В сказанном содержится возможность и того вывода, что в аналитике – как и в феноменологии языка – одним из главных вопросов оказывается вопрос о непрямоте передаваемого языком смысла, хотя и в принципиально иной («негативной») тональности. Этот вопрос релевантен в аналитике не с точки зрения того, как язык «умеет», несмотря на свою модификационно-непрямую природу, передавать смысл, а с точки зрения того, как и почему язык «не умеет» передавать прямые смыслы и каким образом можно или нельзя корректировать этот «недостаток» логикой. Получается, таким образом, что вопрос о непрямоте смысла – объединяющее проблемное поле (не общий ли фундамент?) и феноменологического, и аналитического подходов к языку.

Во всяком случае, лосевский тезис, что любое облачение эйдетического смысла в естественный язык – непрямое, близок к аналитической рецепции феноменологии (хотя и не в тесном смысле). В той части англо-американской философии, которая настроена на компромисс и применяет феноменологические процедуры, для обозначения созерцаемого априорного феномена (для «априорных сущностных усмотрений») используется лексическая семантика, но в аналитической рецепции феноменологии это фактически лишь технический прием; в конечном счете феномен «изымается» из семантических облачений как неадекватных (т. е. эйдетическое изолируется от непрямой для нее семантики естественного языка) и мыслится в своем ускользающем значении и обособленности (например, феномен «сила» у Г. Шпигельберга [249] ).

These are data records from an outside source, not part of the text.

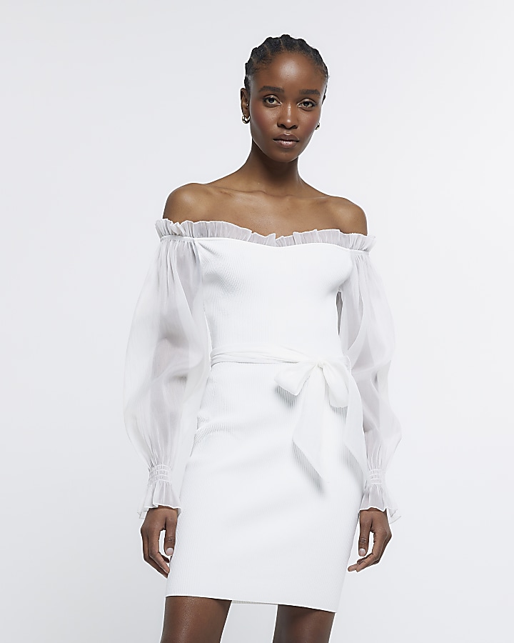 White bardot mesh sleeve bodycon mini dress
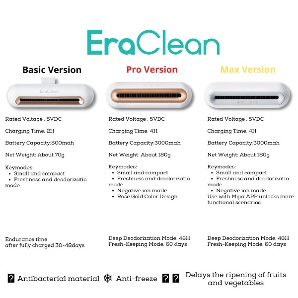 Xiaomi EraClean Refrigerator Deodorizer Fridge Purifier Food Fresh Electronic Odor Eliminator Rechargeable Sterilizer
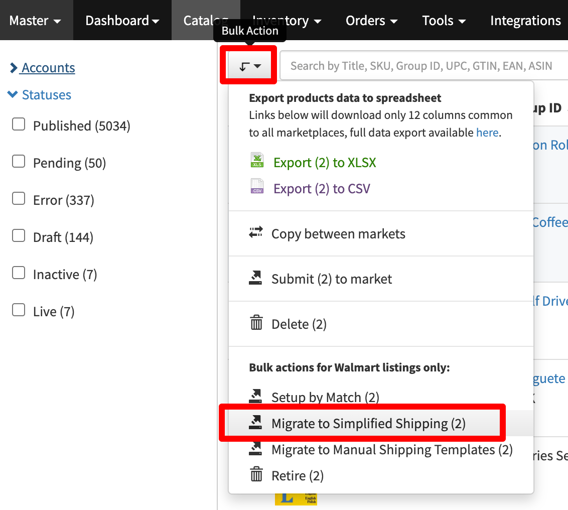 If you want to switch selected products to the new Simplified Shipping Settings, you’ll first need to configure your shipping setup in Walmart Seller Center. Once that’s done, you can use the GeekSeller interface to easily assign products to these new settings. Simply go to your Catalog tab, select the listings you want to update, and from Bulk Action menu choose the Migrate to Simplified Shipping. This way, you manage the setup in Seller Center but control which products use it directly from GeekSeller.
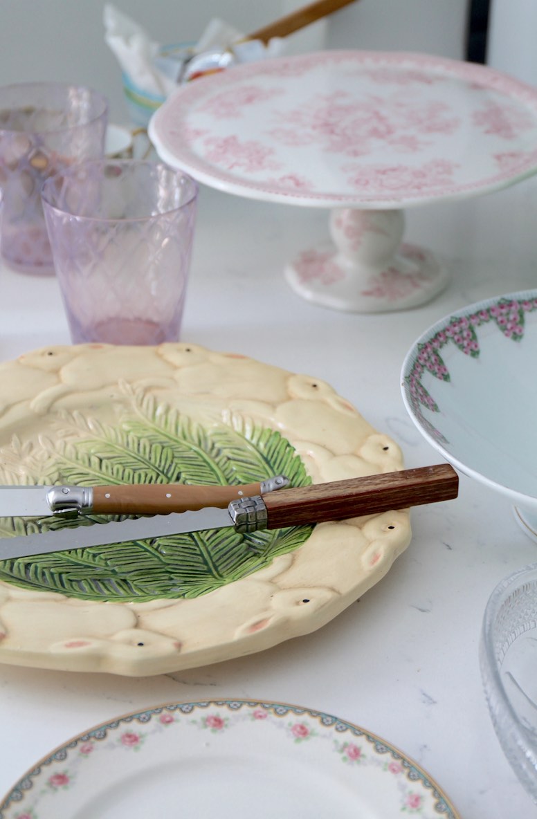 You don’t need a rambling title for a Downton-esque table. Show your manor house flair by setting pieces with pedigree, such as cabbage rose printed dishes and burleigh ceramics, then inject with styled touches flike glassware in pink and colorful ceramics.

2.3. Возможные перспективы концепта «эйдетический язык» для феноменологических и аналитических версий естественного языка

§ 50. Лосевское понимание феноменологии естественного языка. Лосев, конечно, разделял идею, что в рамках феноменологического метода в любом случае необходимо построить в том числе и «феноменологию естественного языка», но – как понятно – в лосевском представлении это в любом случае должно быть обособленным и значимым, но «частным» фрагментом в рамках «феноменологии эйдетического языка». Строить такую «частную» феноменологию следует, по Лосеву, не исходя из эмпирического изучения естественных языков (их различных объективированных проявлений или их ментальных коррелятов) и не исходя из непосредственного понимающего созерцания языковой семантики, к чему склоняются версии феноменологии, внедряющие естественный язык в эйдетику и понимающие языковую семантику как то, что непосредственно дано созерцающему сознанию в качестве внутреннего лингвистического опыта, а исходя из феноменологии языка в ее общем (или первом) смысле – из феноменологического усмотрения изнутри сознания эйдетических высказываний на эйдетическом языке. Фактически это означает, поскольку эйдетический смысл не может быть адекватно выражен на естественном языке, что феноменологию естественного языка следует строить, по Лосеву, исходя из непрямого смысла – из смысла, не поддающегося прямому выражению на естественном языке. И в своих высших проявлениях естественный язык – это частная модификационно-непрямая форма выражения языка эйдетического (в своих низших проявлениях он способен полностью оборвать связывающую его с эйдетикой пуповину).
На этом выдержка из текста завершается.